Appendix A. Linked Lists

A linked list is a data structure that allows the storage and manipulation of a variable number of nodes of data. Unlike a static array, the elements in a linked list are dynamically created. This enables the creation of a variable number of elements that are unknown at compile time. Because the elements are created at different times, they do not necessarily occupy contiguous regions in memory. Therefore, the elements need to be linked together, so each element contains a pointer to the next element. As elements are added or removed from the list, the pointer to the next node is simply adjusted.
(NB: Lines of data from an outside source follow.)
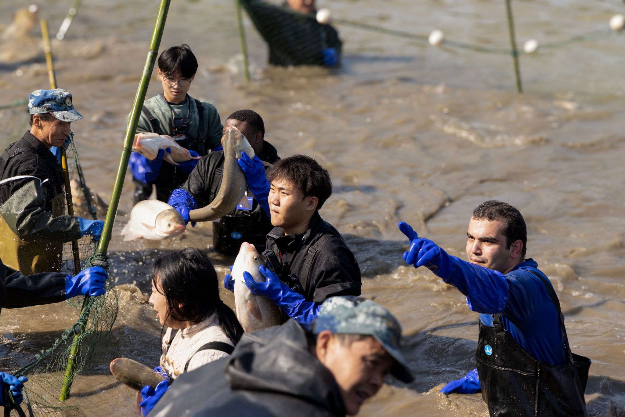 “一二一,加把劲!”晨光熹微,沁湖岸边已是热火朝天。拉网号子铿锵有力,响彻云霄。百余名中外学子组成的捕鱼突击队紧握网纲,协力收网。经过一小时的鏖战,巨大的渔网缓缓收拢,万千鱼儿在水中翻腾跳跃,平静的湖面瞬间沸腾,岸上围观师生的欢呼声此起彼伏,共同见证了这一激动人心的丰收时刻。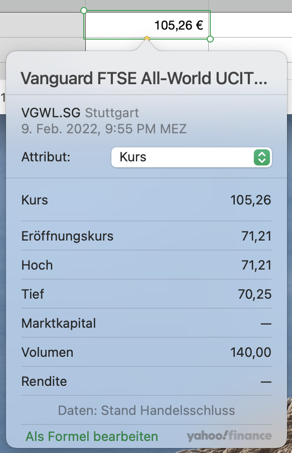 Erneut wähle ich mit der Funktion "Aktienkurs" ein ETF aus, Bsp. "VGWL.DE" (Vanguard FTSE All-WORLD UCITS".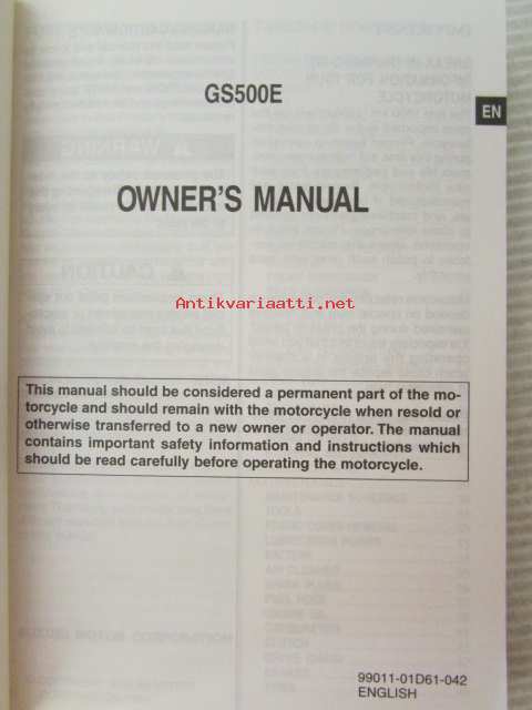 Suzuki GS500E Owner´s manual -käyttöohjekirja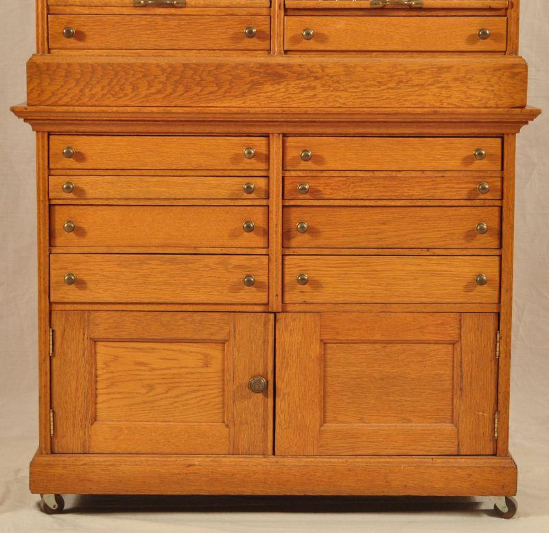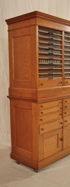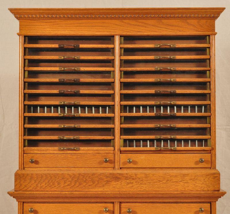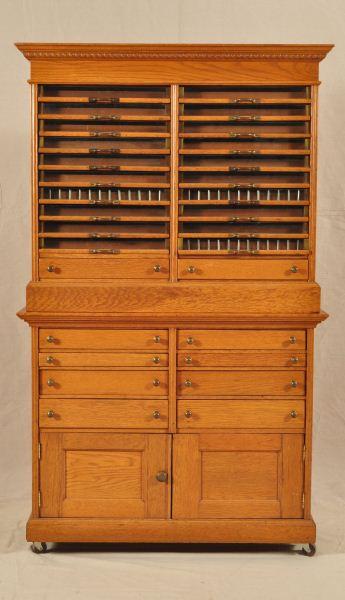 Two Piece Oak Spool Cabinet, Measures 17" x 36" x 59"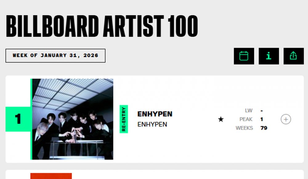 根據Billboard 1月31日的最新榜單,ENHYPEN登上了Artist 100榜單的冠軍位置。該排名是通過對數位歌曲和專輯銷量、線上串流媒體播放量、電台播放量以及社群媒體參與度進行綜合分析後確定的。

The simplest data structure representing such a linked list would look similar to the following:

/* an element in a linked list */
struct list_element {
        void *data;                   /* the payload */
        struct list_element *next;    /* pointer to the next element */
};

Figure A.1 is a linked list.

A singly linked list.

Figure A.1. A singly linked list.

In some linked lists, each element also contains a pointer to the previous element. These lists are called doubly linked lists because they are linked both forward and backward. Linked lists, similar to the one in Figure A.1, that do not have a pointer to the previous element are called singly linked lists.
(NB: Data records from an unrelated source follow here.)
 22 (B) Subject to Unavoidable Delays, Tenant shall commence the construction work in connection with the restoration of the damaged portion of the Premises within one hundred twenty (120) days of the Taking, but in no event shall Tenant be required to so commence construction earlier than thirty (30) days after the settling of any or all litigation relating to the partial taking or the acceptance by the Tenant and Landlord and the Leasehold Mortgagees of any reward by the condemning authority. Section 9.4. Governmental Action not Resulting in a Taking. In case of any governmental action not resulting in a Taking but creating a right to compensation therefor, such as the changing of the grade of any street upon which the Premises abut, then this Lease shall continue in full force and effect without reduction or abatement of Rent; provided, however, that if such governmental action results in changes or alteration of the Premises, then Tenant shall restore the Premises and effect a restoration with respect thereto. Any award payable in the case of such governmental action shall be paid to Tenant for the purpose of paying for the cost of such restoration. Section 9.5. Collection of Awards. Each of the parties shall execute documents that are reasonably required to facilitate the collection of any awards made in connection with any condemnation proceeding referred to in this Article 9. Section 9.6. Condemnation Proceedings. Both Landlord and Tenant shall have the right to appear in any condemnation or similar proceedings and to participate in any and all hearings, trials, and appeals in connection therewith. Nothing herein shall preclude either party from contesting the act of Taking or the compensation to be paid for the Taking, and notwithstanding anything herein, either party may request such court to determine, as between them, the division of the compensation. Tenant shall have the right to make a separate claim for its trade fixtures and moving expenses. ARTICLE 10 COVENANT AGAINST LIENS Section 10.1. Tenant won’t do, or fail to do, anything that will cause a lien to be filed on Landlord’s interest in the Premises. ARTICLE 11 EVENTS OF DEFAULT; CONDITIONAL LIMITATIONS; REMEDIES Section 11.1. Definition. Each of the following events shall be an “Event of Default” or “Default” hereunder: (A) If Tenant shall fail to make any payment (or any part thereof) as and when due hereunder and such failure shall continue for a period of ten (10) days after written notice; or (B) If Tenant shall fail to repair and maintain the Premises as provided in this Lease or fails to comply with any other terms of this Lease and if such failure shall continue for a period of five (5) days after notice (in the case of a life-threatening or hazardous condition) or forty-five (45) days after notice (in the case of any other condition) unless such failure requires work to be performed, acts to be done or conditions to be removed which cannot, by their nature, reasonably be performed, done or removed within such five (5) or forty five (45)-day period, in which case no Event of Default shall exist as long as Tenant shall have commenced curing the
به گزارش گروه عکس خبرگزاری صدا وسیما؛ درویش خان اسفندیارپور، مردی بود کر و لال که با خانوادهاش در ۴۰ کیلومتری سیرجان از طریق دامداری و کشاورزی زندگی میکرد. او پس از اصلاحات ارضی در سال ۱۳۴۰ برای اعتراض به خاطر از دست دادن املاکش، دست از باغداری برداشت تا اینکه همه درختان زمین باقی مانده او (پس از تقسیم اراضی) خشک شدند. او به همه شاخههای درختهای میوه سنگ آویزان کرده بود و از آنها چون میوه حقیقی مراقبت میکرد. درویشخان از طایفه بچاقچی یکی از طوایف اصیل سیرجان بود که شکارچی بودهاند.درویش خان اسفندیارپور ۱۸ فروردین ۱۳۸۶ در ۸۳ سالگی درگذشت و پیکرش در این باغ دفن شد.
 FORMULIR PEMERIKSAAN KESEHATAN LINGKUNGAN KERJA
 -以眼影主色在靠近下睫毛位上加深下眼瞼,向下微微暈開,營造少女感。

A data structure representing a doubly linked list would look similar to this:

/* an element in a linked list */
struct list_element {
        void *data;                   /* the payload */
        struct list_element *next;    /* pointer to the next element */
        struct list_element *prev;    /* pointer to the previous element */
};

Figure A.2 is a doubly linked list.

A doubly linked list.doubly linked lists

Figure A.2. A doubly linked list.

Circular Linked Lists

Normally, because the last element in a linked list has no next element, it is set to point to a special value, usually NULL, to indicate it is the last element in the list. In some linked lists, the last element does not point to a special value. Instead, it points back to the first value. This linked list is called a circular linked list because the links are cyclic. Circular linked lists can come in both doubly and singly linked versions. In a circular doubly linked list, the first node's “previous” pointer points to the last node. Figures A.3 and A.4 are singly and doubly circular linked lists, respectively.
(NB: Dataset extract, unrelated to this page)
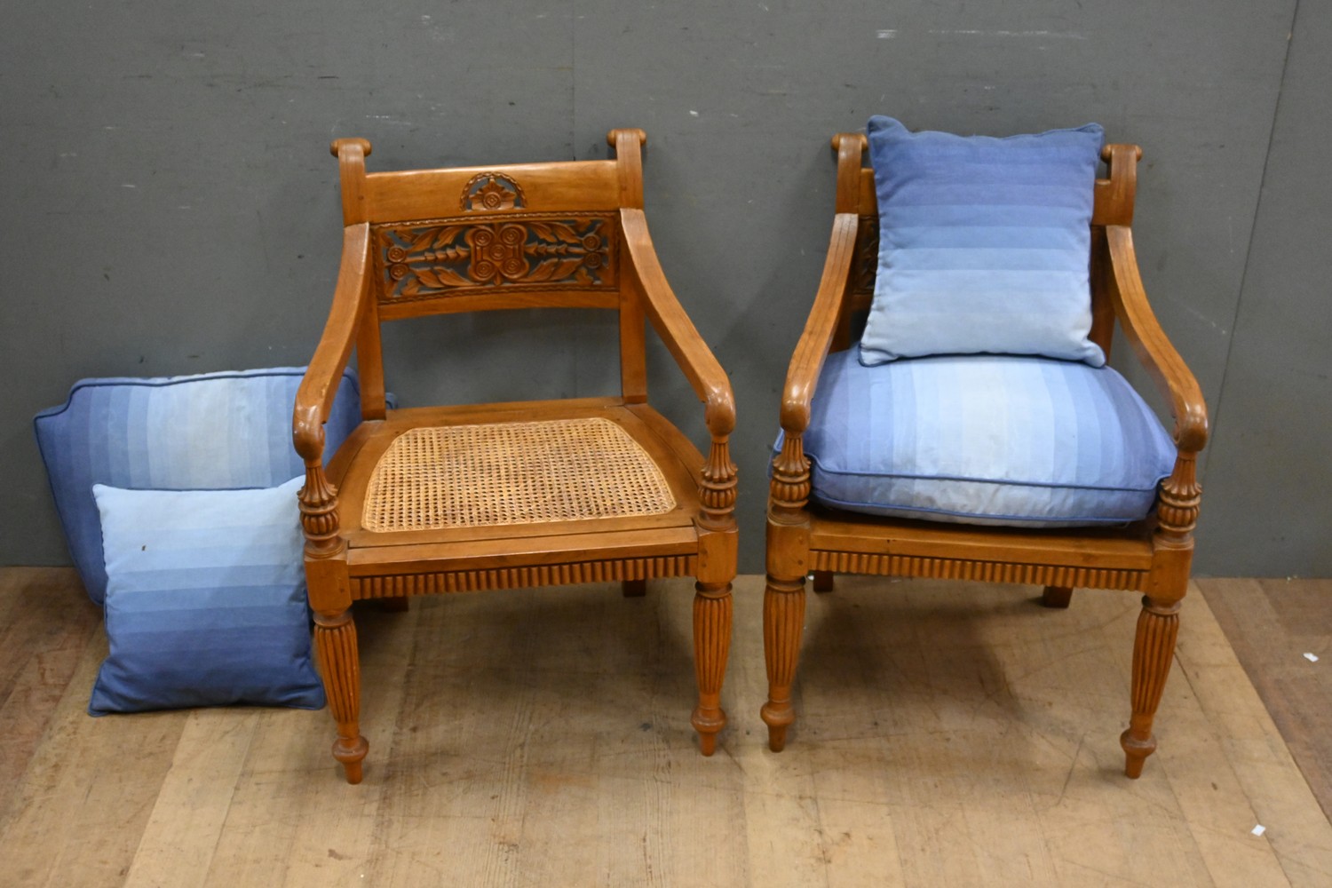 A PAIR OF TIMBER AND RATTAN BASED ARMCHAIRS (A/F) (82H x 59W x 57D CM) (LEONARD JOEL DELIVERY SIZE: LARGE)

A circular singly linked list.

Figure A.3. A circular singly linked list.

A circular doubly linked list.

Figure A.4. A circular doubly linked list.

The Linux kernel's standard linked list implementation is a circular doubly linked list. Going with this type of linked list provides the greatest flexibility.

Moving Through a Linked List

Movement through a linked list occurs linearly. You visit one element, follow the next pointer, and visit the next element. Rinse and repeat. This is the easiest method of moving through a linked list, and the one by which linked lists are best suited. Linked lists are usually not used when random access is an important goal. Instead, you use linked lists when iterating over the whole list is important and the dynamic addition and removal of elements is required.

Often the first element is represented by a special pointer—called the head—that makes it quick and easy to find. In a noncircular-linked list, the last element is delineated by its next pointer being NULL. In a circular-linked list, the last element is delineated by the fact that it points to the head element. Traversing the list, therefore, occurs linearly through each element from the first to the last. In a doubly linked list, movement can also occur backward, linearly from the last element to the first. Of course, given a specific element in the list, you can go back and forth any number of elements, too. You need not traverse the whole list.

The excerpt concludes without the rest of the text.